The article How to Create a Simple VBScript CGI Web Page shows just how easily the web application developer can use VBScript as a CGI (Common Gateway Interface) programming language. The techniques is quite simple:
- one VBScript file (e.g. call_hello_world.vbs) contains the shebang line (the essential CGI line that identifies the location of the script interpreter). This shebang line also calls a second VBScript file
- the second VBScript (e.g. hello_world.vbs) contains the actual CGI code.

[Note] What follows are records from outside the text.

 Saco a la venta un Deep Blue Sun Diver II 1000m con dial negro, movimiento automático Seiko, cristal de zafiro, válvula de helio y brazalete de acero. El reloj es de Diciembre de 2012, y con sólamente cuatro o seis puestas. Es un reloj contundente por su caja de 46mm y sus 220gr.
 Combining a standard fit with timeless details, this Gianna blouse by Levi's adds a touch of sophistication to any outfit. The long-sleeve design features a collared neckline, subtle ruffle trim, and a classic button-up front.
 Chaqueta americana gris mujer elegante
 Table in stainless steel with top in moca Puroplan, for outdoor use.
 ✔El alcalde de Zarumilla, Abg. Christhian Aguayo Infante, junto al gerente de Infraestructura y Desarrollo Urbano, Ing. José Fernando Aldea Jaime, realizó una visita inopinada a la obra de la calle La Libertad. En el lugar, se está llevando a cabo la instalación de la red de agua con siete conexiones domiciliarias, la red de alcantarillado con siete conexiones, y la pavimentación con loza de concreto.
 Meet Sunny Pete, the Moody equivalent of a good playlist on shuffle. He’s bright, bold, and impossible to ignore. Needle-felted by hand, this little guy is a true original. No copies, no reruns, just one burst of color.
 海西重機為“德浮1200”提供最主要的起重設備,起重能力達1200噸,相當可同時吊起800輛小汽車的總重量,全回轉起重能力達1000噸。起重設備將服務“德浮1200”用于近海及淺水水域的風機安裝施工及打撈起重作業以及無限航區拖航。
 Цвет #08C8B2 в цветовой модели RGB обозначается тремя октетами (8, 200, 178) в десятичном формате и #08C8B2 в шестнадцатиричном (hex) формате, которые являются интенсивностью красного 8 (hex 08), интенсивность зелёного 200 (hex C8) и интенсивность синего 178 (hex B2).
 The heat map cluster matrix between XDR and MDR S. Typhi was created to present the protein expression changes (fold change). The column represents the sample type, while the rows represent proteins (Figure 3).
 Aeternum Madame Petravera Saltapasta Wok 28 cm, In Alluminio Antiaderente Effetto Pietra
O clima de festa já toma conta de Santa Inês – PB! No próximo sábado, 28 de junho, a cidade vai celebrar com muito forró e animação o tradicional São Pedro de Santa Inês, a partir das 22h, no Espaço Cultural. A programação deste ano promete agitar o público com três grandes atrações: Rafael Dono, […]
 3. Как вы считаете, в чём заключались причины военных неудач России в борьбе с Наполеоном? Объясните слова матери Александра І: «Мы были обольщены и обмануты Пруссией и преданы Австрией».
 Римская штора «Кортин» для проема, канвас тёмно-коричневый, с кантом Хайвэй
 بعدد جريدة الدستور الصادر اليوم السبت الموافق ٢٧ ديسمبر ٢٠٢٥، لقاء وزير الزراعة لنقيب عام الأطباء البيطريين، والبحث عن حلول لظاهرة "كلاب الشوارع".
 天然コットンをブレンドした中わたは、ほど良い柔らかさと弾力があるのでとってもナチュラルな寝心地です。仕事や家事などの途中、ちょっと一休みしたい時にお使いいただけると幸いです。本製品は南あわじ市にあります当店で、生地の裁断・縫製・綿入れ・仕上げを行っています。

However, there is one (slight) drawback to this technique: two files are needed for each CGI script (the CGI code file and the calling file). A much better solution would be for:
- the shebang line of the VBScript CGI file calls a header file
- the header file then returns control to the calling VBScript file
Two files will still be needed, but at least the same shebang line can be used in every CGI file rather than a different shebang line for each VBScript file.
An Example VBScript CGI Script
The first line of the CGI file must be the shebang line. This calls the “header.vbs” file which, in turn, returns control to the calling CGI file:
#!c:\WINDOWS\system32\cscript.exe /nologo "C:\Program Files\Apache Software Foundation\Apache2.2\cgi-bin\header.vbs"
Next the obligatory HTTP header must be sent to the web browser:
wscript.echo "Content-type: text/html" & vbcrlf
And then the actual CGI code can be added:
wscript.echo "<h1>Hello World</h1>" wscript.echo "This is is an output from VBScript"
If this code is saved into the server’s cgi-bin directory (as, for example, “hello.vbs”) then it is almost ready to use. The next step is to create the “header.vbs” file.
Passing Control Between VBScript CGI Scripts
The VBScript CGI technique is quite simple:
- a VBScript CGI file calls a second VBScript file (in this example it’s called “header.vbs”)
- the second VBScript then opens the original and processes its contents
Therefore the first job that the second file must do is to create a File System Object:
Set fso = CreateObject("Scripting.FileSystemObject")
That’s then used to open the original file (the name of which is passes to the new file as an argument):
Set original = FSO.OpenTextFile(WScript.Arguments(0))
Once the original file is open then its contents can be processed. Of course, the first line is the shebang line, and so that is simply read in (since it’s already been processed by the web server):
firstline = original.ReadLine
The remainder of the file is then executed by using VBScript’s ExecuteGlobal method:
ExecuteGlobal cgi.ReadAll
If the “hello.vbs” file is now entered as a Url into a web browser( for example http://localhost/cgi-bin/hello.vbs) then the VBScript will be run on the server and the HTML from the code will be displayed in the web browser (as shown in Figure 1 at the bottom of this article).
One final advantage to using this technique is, of course, that any additional processing that is required (such as handling the GET and POST queries) can be placed in the “header.vbs” file and that will automatically be passed on to of the CGI files that use it. And so, the VBScript programmer can smoothly and effortlessly glide into the world of the CGI web page.